News of the municipal program’s expansion comes on the heels of Fulton County officials declaring they are not considering enacting a temporary ban on evictions that experts have said could buy time for jurisdictions to disseminate ERA funds. 

Though Fulton County — which has its own ERA program separate from the city’s — and Atlanta have been more efficient than many governments across the state when it comes to disbursing this money, Georgia has been notoriously sluggish about spending this cash, according to the National Low Income Housing Coalition. 

State officials have not responded to Atlanta Civic Circle’s repeated requests for comment on the supposed need for eviction moratoria, even after the U.S. Supreme Court squashed a Biden administration halt on such displacement efforts. 

Attorneys with the Atlanta Volunteer Lawyers Foundation, Atlanta Legal Aid Society and Georgia Legal Services Program (GLSP) have told Atlanta Civic Circle that, if state and local officials won’t effect their own eviction bans, the bureaucratic red tape separating tenants and landlords from assistance must be cut. 

Susan Reif, a GLSP housing attorney and the head of the organization’s eviction prevention charge, told Atlanta Civic Circle earlier this month that GLSP is “in favor of any change that would make it easier to get access to the ERA money. I understand we have to abide by [U.S. Treasury Department] rules, but we have to look closely at what we require of people.”

AVLF’s Michael Lucas and Atlanta Legal Aid’s Steve Gottlieb echoed Reif’s concerns in recent interviews. 

In August, Elora Raymond, an associate professor of city and regional planning at Georgia Tech, told Atlanta Civic Circle that cumbersome documentation requirements were putting people’s livelihoods in jeopardy. 

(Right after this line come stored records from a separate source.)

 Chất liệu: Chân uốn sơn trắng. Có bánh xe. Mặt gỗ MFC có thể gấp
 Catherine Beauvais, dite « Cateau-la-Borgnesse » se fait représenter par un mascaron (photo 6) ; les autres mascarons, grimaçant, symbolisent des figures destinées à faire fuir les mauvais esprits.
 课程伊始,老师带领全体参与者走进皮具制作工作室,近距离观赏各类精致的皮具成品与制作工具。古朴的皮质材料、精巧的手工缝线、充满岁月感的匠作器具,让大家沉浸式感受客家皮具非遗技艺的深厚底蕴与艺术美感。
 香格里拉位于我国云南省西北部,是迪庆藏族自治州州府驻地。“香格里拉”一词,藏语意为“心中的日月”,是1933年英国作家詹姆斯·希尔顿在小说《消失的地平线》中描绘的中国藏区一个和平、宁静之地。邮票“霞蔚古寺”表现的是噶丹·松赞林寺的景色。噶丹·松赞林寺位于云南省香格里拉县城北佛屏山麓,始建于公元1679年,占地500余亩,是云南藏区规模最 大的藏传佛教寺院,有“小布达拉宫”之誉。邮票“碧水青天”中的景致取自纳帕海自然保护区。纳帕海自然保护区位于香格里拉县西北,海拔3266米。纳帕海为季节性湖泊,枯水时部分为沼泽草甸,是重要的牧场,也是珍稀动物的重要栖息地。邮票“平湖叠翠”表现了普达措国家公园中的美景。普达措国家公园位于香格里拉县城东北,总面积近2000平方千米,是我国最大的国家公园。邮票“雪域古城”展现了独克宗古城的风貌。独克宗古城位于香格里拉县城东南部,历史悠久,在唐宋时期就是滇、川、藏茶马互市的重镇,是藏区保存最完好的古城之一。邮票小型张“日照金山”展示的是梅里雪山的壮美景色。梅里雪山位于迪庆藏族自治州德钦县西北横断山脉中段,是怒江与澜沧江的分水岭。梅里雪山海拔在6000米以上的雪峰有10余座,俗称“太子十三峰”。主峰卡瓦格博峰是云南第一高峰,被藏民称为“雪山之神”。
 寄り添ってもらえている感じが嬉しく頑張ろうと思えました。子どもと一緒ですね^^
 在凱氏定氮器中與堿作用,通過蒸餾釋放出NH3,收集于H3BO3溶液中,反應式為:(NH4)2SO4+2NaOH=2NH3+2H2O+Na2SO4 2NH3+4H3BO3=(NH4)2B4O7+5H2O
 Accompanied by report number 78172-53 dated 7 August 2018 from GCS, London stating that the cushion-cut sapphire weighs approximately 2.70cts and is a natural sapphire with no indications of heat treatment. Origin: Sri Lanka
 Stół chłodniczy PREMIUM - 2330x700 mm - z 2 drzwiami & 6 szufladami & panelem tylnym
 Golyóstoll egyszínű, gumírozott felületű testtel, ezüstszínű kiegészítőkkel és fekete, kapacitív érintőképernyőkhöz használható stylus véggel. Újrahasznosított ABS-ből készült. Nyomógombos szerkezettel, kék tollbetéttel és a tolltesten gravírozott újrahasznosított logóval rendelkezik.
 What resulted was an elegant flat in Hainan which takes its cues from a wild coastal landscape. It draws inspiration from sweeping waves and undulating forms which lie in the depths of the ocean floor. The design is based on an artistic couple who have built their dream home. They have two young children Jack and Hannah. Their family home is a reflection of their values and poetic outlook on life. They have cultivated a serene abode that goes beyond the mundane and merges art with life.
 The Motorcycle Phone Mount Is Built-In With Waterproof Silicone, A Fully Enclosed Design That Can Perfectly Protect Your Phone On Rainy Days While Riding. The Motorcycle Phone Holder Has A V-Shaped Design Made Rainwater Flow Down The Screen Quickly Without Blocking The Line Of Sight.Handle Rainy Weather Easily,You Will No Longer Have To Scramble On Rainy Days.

“Local jurisdictions should offer 100 percent of rent, allow self-certification by tenants, as recommended by Treasury, instead of requiring paperwork tenants may not have [and] give assistance money to tenants if landlords turn it down so that tenants can pay down their rent debt and secure new housing,” she said at the time. 

Streamlining the process of linking tenants and landlords with ERA assistance, experts have said, would dampen some of the impact the pandemic-spurred eviction crisis could have on metro Atlantans and others.

Even DeKalb County, which has its own eviction moratorium — the only of its kind in the state — has struggled with bureaucratic roadblocks that slow the process of distributing federal funds, leading housing leaders to call on metro Atlanta officials to adopt practices like those in Santa Fe. 

The New Mexico city government launched a program that puts federal money directly into the pockets of renters in need, allowing them to do what they think is necessary to protect them from displacement. 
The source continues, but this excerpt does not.